Keywords: medulla, pons, Rett syndrome

Rett syndrome (RTT) is a neurodevelopmental disorder caused by loss-of-function mutations in the X-linked gene encoding methyl-CpG-binding protein 2 (MeCP2; (Amir et al., 1999). Girls born with RTT show relatively normal development during their first 6–18 months of life, followed by sudden regression that can result in severe respiratory deficiencies among other problems (Chahrour and Zoghbi, 2007, Bird, 2008). Mecp2 protein is abundantly expressed in the brain in both neurons and glia (Ballas et al., 2009, Lioy et al., 2011a), and its levels increase progressively during the postnatal period of neuronal maturation, reaching mature levels around postnatal day (P) 35 in mice (Wang et al., 2006, Cohen and Greenberg, 2010, Cohen et al., 2011). In male mouse models that are null for Mecp2, the levels of brain-derived neurotrophic factor (BDNF), a neurotrophin essential for neuronal survival, differentiation, and synaptic plasticity, have been shown to be depleted relative to wild-type (WT) mice in a number of brain regions (Chang et al., 2006, Wang et al., 2006, Zhou et al., 2006, Ogier et al., 2007). Interestingly, BDNF levels in wild-type mice stay elevated during the perinatal period and decrease at around P35, coinciding with full expression of Mecp2 and with the onset of the pathological phenotype in null males, which are normal at birth and in juveniles (Chen et al., 2001, Guy et al., 2001). Thus, BDNF depletion in mecp2 null mutants may be caused by an inability to upregulate BDNF expression in the absence of Mecp2.

Mouse and rat BDNF is encoded by a complex gene that consists of eight 5′ untranslated exons all of which are individually spliced onto a common protein-coding 3′ exon. The neuronal activity-dependent regulation of bdnf specific promoter regions results in the spatial and temporal expression of specific bdnf transcripts, and thus control bdnf gene expression at several levels, including transcription, mRNA stability, translation, and sub-cellular distribution (Lauterborn et al., 1996, Liu et al., 2006, Aid et al., 2007). Newborn mice lacking functional bdnf (bdnf −/− mutants) exhibit severe respiratory disturbances (Erickson et al., 1996, Balkowiec and Katz 1998) that likely contribute to the lethality occurring shortly after birth. Indeed, BDNF has been shown to be required for survival of chemoafferent sensory neurons in the petrosal and nodose ganglia that innervate the carotid body chemoreceptors to provide sensory inputs to central respiratory circuits in the hindbrain (Hertzberg et al., 1994, Erickson et al., 1996, Katz, 2005). Moreover, BDNF is required for normal development of the central respiratory pattern generator (Balkowiec and Katz 1998). Together, these findings suggest that BDNF is required for the proper development and maintenance of the normal breathing behavior in mice. Significantly, mecp2-null mice show deficits in BDNF protein in the structures critical for respiration and autonomic control, including nodose ganglia and the brainstem (Chang et al., 2006, Wang et al., 2006, Zhou et al., 2006, Ogier et al., 2007).

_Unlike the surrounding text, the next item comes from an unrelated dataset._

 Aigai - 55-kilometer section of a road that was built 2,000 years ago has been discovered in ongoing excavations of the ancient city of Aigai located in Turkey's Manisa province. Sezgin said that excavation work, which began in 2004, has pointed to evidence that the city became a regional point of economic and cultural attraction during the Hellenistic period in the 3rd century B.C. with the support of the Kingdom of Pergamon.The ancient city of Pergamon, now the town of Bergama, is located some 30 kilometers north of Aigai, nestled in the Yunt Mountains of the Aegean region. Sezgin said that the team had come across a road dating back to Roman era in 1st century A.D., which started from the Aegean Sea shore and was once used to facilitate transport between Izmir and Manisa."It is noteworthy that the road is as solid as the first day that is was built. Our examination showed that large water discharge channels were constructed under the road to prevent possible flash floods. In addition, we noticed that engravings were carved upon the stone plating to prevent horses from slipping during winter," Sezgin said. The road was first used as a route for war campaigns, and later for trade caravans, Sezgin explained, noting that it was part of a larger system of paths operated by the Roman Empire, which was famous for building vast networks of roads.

Acute intermittent hypoxia (AIH) is a well-studied paradigm for the induction of respiratory plasticity characterized by long-lasting increases in phrenic nerve amplitude (reviewed in (Dale-Nagle et al., 2010a, Dale-Nagle et al., 2010b)). This long-term facilitation is dependent on BDNF (Baker-Herman et al., 2004). These studies have shown that serotonin acting at 5-HT 2 receptors activates protein kinase C which, in turn, induces expression of BDNF protein. We reasoned that, if Mecp2 is essential for induction of BDNF expression, a physiological protocol, such as AIH, would fail to modulate BDNF in mice that lack Mecp2.

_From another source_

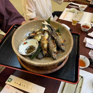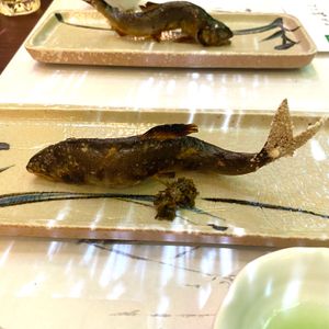 鮎の塩焼きも天ぷらも、赤だしも熱々で

Neurons in both the pons and medulla are affected by hypoxia and modulated by BDNF. The lateral parabrachial nucleus in the pons contributes to changes in respiratory frequency during hypoxia (Song and Poon, 2009). Inhibitory synapses in the Kölliker-Fuse nucleus, also in the pons, are modulated by BDNF (Kron et al., 2007). Similarly, neurons in the medullary preBötzinger complex respond to hypoxia (reviewed in(Feldman et al., 2003)) and BDNF modulates the activity of these neurons (Thoby-Brisson et al., 2003).

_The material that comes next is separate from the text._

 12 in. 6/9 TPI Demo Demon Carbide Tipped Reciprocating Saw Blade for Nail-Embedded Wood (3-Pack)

The present study characterizes the expression of BDNF in two functionally distinct regions of the brainstem responsible for control of respiration, i.e. the pons and the medulla, in wild-type and mecp2−/y mice, using ELISA and quantitative PCR methodologies to determine protein and transcript levels, respectively.

Experimental procedures

Animals

The protocols used were approved by Institutional Animal Care and Use Committee of the Oregon Health and Science University, and were in agreement with the National Institutes of Health Guide for the Care and Use of Laboratory Animals. Studies were performed with B6.129P2(C)- mecp2tm1.1Bird (stock number 003890; Jackson Laboratory, Bar Harbor, ME) null mice and wild-type littermates. Mice were genotyped by PCR as previously described (Miralves et al., 2007). The strain was originally generated by insertion of loxP sites around mecp2 exons 3 and 4, followed by crossing homozygous “floxed” females with CMV Cre males (Guy et al., 2001).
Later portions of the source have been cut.